BOX 7.3: Example of an open-ended questionnaire that can be time-consuming to analyze; use sparingly and plan for qualitative analysis if used.
BOX 7.4: Critical questions to ask about surveys and other primary data (scope, mode, who conducted the survey, question wording, availability of questions, etc.).
BOX 7.5: Practical tips for doing your own survey (avoid duplicating existing data, mock tables, replicate standardized questions, write a purpose statement, pretest, etc.).
Exercise and Study Site Reminders
Exercises in the chapter encourage identifying data sources, choosing survey modes, designing questionnaires, and exploring online data tools.
The study site (www.sagepub.com/remler2e) offers a self-quiz, eFlashcards, and additional resources to reinforce learning.
Summary of Key Themes
Secondary data are foundational for policy research due to accessibility and cost advantages, but require careful attention to data provenance, quality, and ethics.
Big Data expands the potential to link diverse data sources (administrative, microdata, qualitative data) to generate richer insights, while also raising privacy concerns.
Quantitative data come in multiple forms and time dimensions; understanding units of observation vs. units of analysis and the time structure (cross-sectional, panel, time series) is critical for proper analysis.
Administrative data require substantial preparation (cleaning, formatting, de-identification) but remain a powerful source due to breadth and cost savings.

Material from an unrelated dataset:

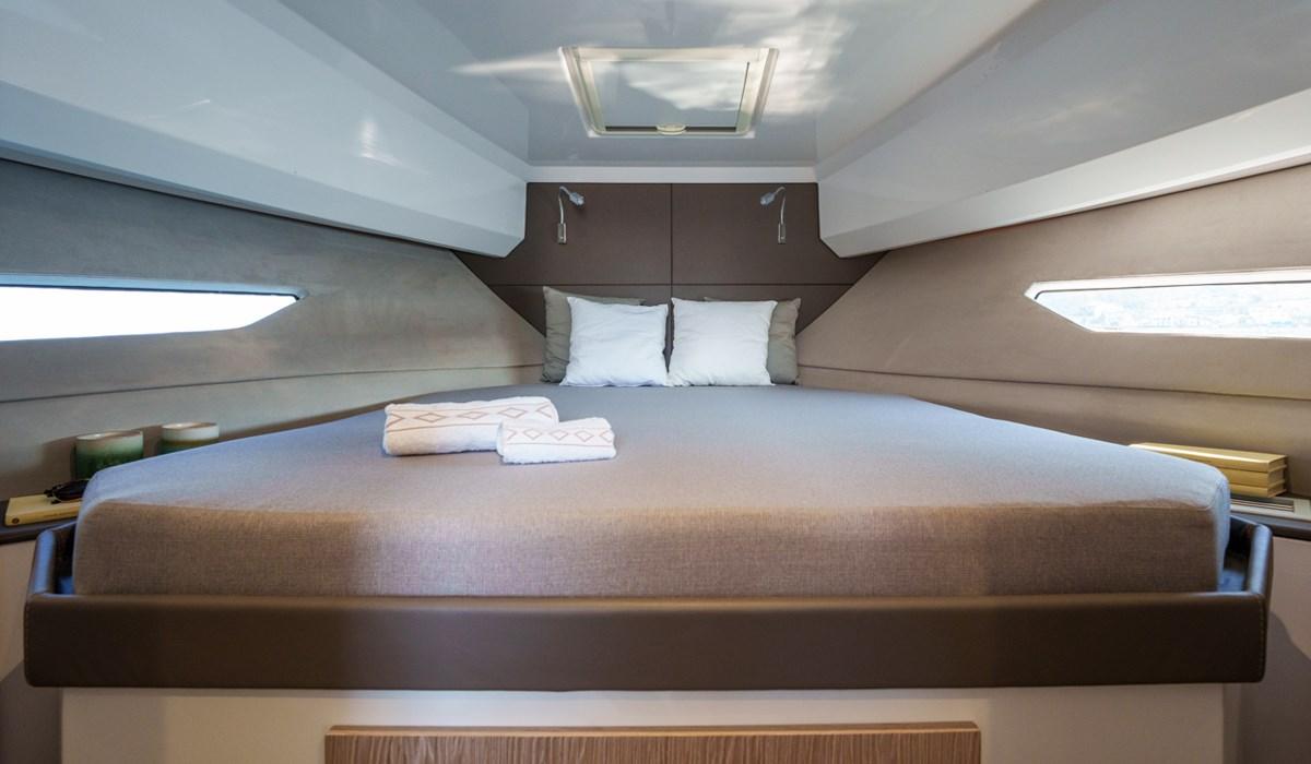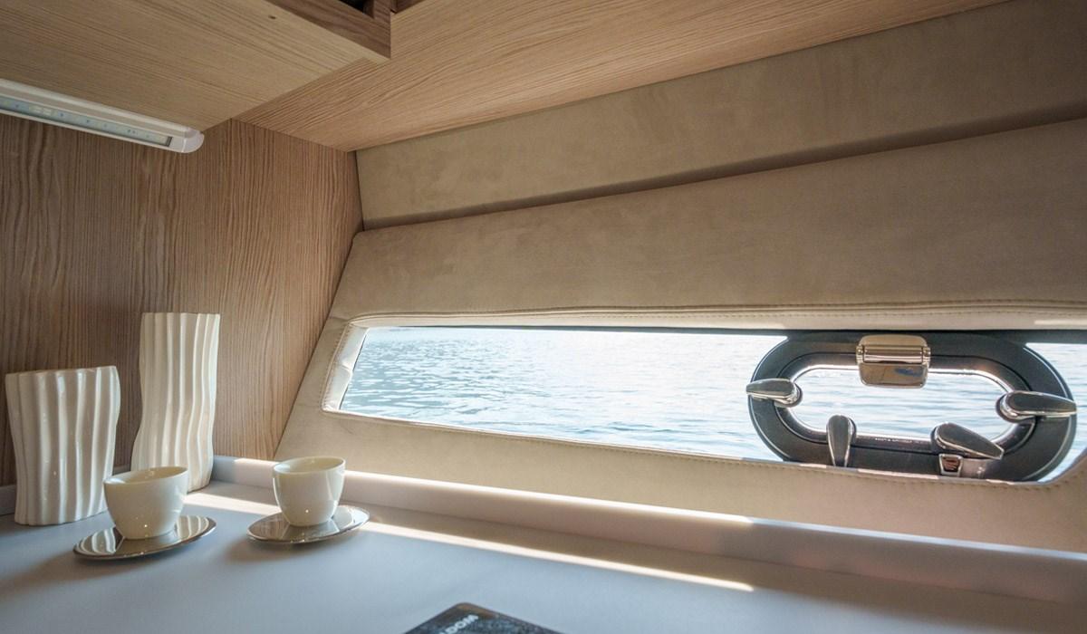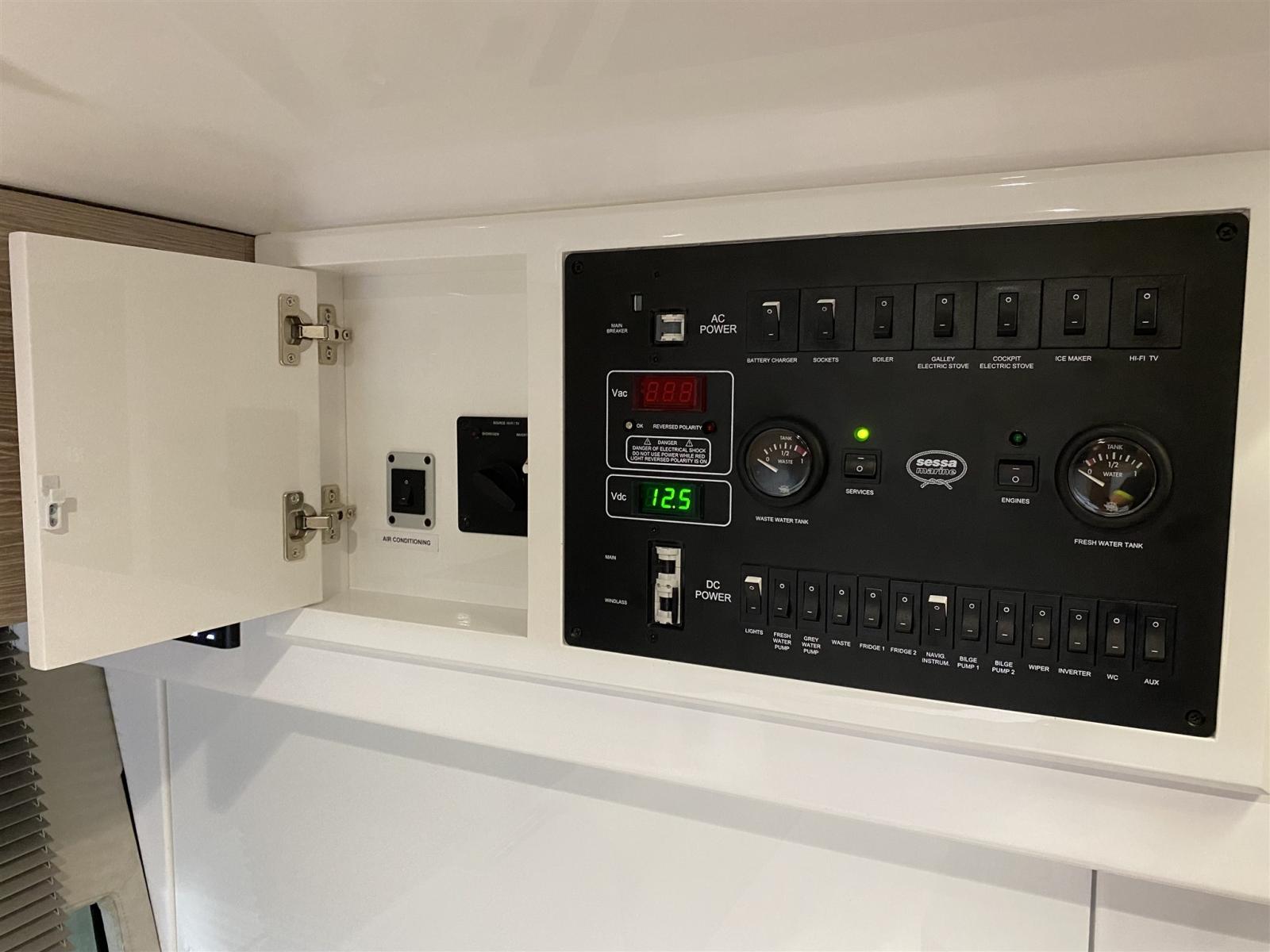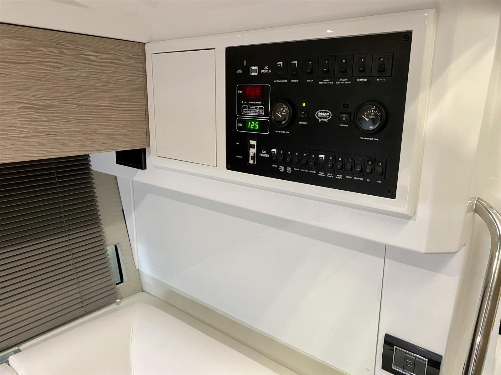 Allarme motore, Allarme sentina, Autoclave, Doccia esterna, Flap idraulici, Hard top, Impianto antincendio, Indicatori Flaps, Lavandino nel Pozzetto, Luci di cortesia, Luci subacquee, Piattaforma, Pompa di sentina automatica, Pompa di sentina manuale, Ponte in teak, Pozzetto Teak, Presa 220V banchina, Salpa Ancore Elettrico, Scaletta da bagno, Tavolo pozzetto, Tromba.

Public-use microdata and data archives democratize access to large, high-quality data sets, but come with ethical constraints and documentation requirements.
Primary data collection (surveys and other methods) remains essential when data do not exist or are not fit for purpose; choosing the right mode, designing rigorous questionnaires, and attending to ethics are crucial for valid results.
The field increasingly relies on mixed-methods and mixed-mode approaches to cover diverse populations, while being mindful of mode effects and sampling frame compatibility.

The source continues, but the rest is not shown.